И тысячу раз страдал от смерти.
Прежде чем потерять жизнь.
Прежде чем потерять жизнь.
Проходите, не шумите,
Проходя мимо, не шумите,
Охраняйте себя так, чтобы вы не заблудились;
Следите за тем, чтобы не разбудить его;
Car voici la première nuit
Ибо это первая ночь.
Чтоб нищий Скаррон захворал. 116
Бедный Скаррон спит.
Он не оставил после себя ничего, кроме кредиторов. Вдова Скаррон, еще молодая женщина двадцати пяти лет, снова оказалась брошенной на произвол судьбы. Она обратилась к королеве-матери с просьбой возобновить отмененную пенсию; Анна назначила ей две тысячи ливров в год. Франсуаза сняла комнату в монастыре, жила и одевалась скромно, соглашалась на разные мелкие работы в хороших домах. 117 В 1667 году госпожа де Монтеспан, собиравшаяся рожать, послала к ней эмиссара с просьбой принять и воспитать ожидаемого ребенка. Франсуаза отказалась, но когда Людовик сам поддержал просьбу, она согласилась, и в течение нескольких лет после этого принимала королевских младенцев по мере их появления на свет.
Она научилась любить этих детей, и они смотрели на нее как на мать.

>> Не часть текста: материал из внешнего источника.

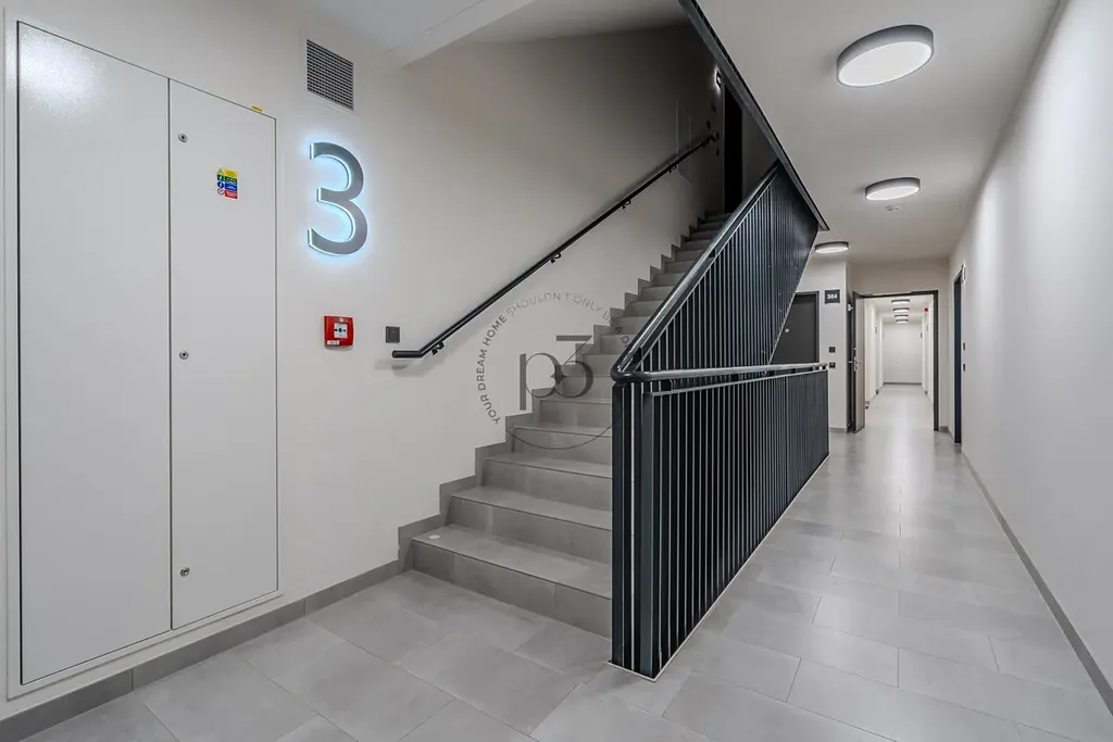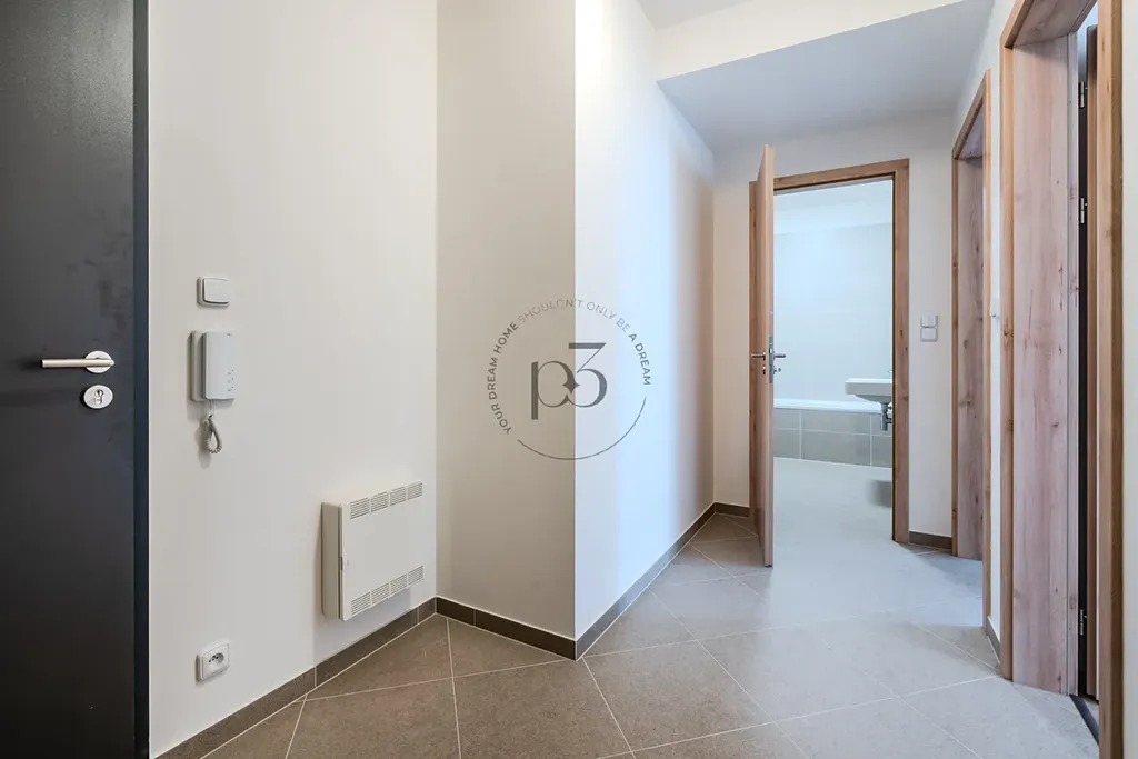 Byt nabízí obývací pokoj s přístupem na balkón a novou kuchyňskou linku včetně spotřebičů. Ložnice poskytuje dostatek soukromí a pohodlí. Koupelna je vybavena vanou a umyvadlem a WC. Součástí výbavy je i pračka. Chodba je prostorná pro umístění skříní pro dostatek úložného prostoru.

Король, который поначалу смеялся над ней как над ханжой, стал восхищаться ею и был тронут ее горем, когда один из детей, несмотря на ее постоянную заботу, умер. "Она умеет любить", - сказал он, - "было бы приятно быть любимым ею". 118 В 1673 году он узаконил детей; госпоже Скаррон больше не нужно было соблюдать тайну; она была допущена ко двору в качестве фрейлины, ожидающей госпожу де Монтеспан. Король подарил ей 200 000 ливров, чтобы поддержать ее новый статус. На эти деньги она купила поместье в Ментеноне, недалеко от Шартра. Она никогда не жила там, но это дало ей новое имя: она стала маркизой де Ментенон.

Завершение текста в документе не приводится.